Data listing:
>>>>>
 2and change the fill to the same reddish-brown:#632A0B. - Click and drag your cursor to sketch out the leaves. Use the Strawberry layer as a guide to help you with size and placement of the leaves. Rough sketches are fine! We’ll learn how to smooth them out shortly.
<<<<<
>>>>>
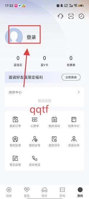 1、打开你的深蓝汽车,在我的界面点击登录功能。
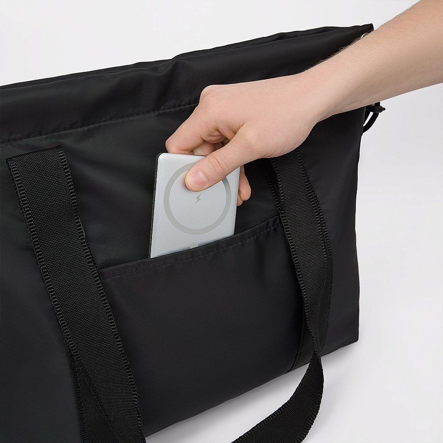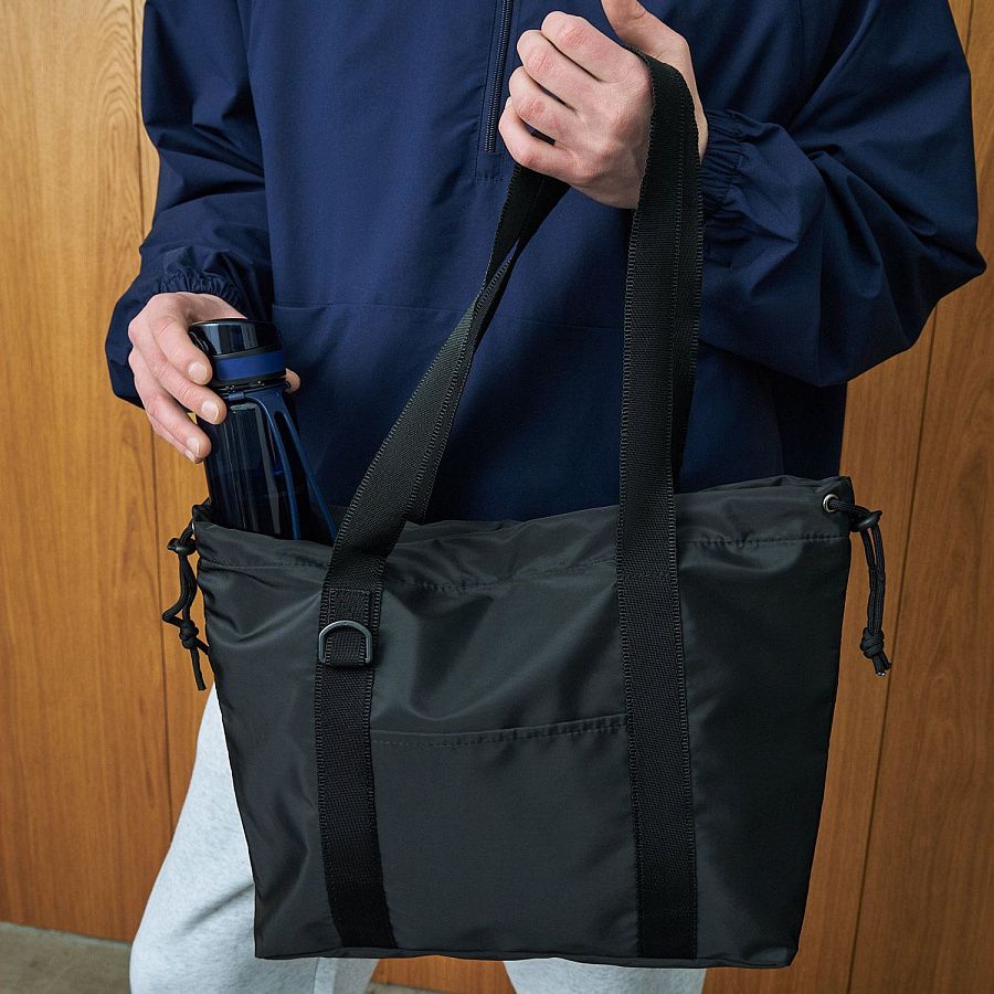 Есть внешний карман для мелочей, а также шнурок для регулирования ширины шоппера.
<<<<<
What you will do:
After locating "1、打开你的深蓝汽车,在我的界面点击登录功能。" and "Есть внешний карман" in the records above, return exactly the line holding each one and every line between them; leave out the pictures.

Solution to this exercise:
 1、打开你的深蓝汽车,在我的界面点击登录功能。
 Есть внешний карман для мелочей, а также шнурок для регулирования ширины шоппера.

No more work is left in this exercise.